About an hour ago, prompted by a friend, I was perusing a sermon on the inter-net for my edification when, all of a sudden, the word CATAFALQUE appeared to me. This was curious, because that word was nowhere to be found on the page, nor did I see any adjacent words that could easily be jumbled and arranged to spell it. (Nonetheless that is my theory, that I saw enough constituënt letters of the word that my brain somehow assembled it.) What was more curious is that, though I had probably seen the word somewhere before, I could not define it. Upon looking up "catafalque", I was intrigued to find that it is a synonym of "bier", or "hearse". One does wonder whether this is some sort of omen.

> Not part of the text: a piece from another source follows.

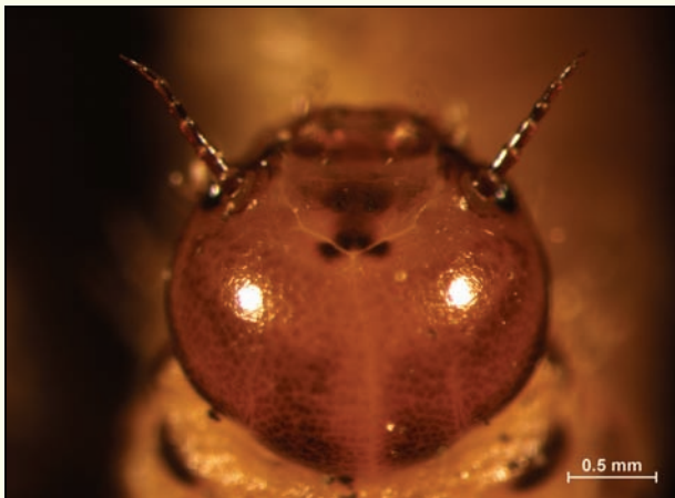
Slika 1: Poljska zapredkarica ( Cephalcia arvensis ), arhitektura glave predpupalne oblike

Univerza v Ljubljani, Biotehniška fakulteta, Oddelek za gozdarstvo in obnovljive gozdne vire, Večna pot 83, 1000 Ljubljana maja.jurc@bf.uni-lj.si

In any case, it is an interesting word.

22 May 2010

Those Mid-May Blues

These past few days in May, for some reason, have provoked a certain nostalgia in me, for reasons I can't quite rationalize. (Well, yes, granted: nostalgia generally isn't to be rationalized. But here even the cause of the nostalgia is a mystery. Perhaps it's the weather?) I find myself looking back on my salad days—fully behind me, I assume—with a certain wistfulness. Why? Certainly not because I was happier; indeed, I was far more morose, if not melancholisch, back in high school. I suppose it's the callowness that I miss. I was less aware, then, of how many problems there are out there in the world.

Dear, if I feel such nostalgia at the age of twenty-three, what shall I do at forty-three? How many more realities can I face before becoming either irreparably cynical or inescapably escapist?

13 January 2010

"Habit is a compromise effected between an individual and his environment. "

Back in South Bend, everything is starting to fall into place. My two classes this term, Choral Conducting and Psalmody, are shaping up to be both interesting and rewarding. I'm finally an employee of the University of Notre Dame du Lac, which means now I gets to be paid. (And after a semester of paupery, I gotsta be paid.) Part of these new duties is playing Wednesday night Masses, which are pleasant (except when the priest attempts to lead the singing. Leave it to the professional musicians, won't you please, Father?). The only bad news is that Ye Olde Dagwood's Sandwiche Shoppe, whence I obtained many a tasty chicken cæsar wrap, is now out of business, or moved, or something. I walked there today only to find it shuttered—and just when I'd completed my punch card! Obviously the Dagwood's folks were on to me.

14 October 2009

Dispatch from South Bend

Here in South Bend all the nicest-colored autumn trees are turning, which is pleasant. Now it's long-underwear weather, a development in which I rejoice.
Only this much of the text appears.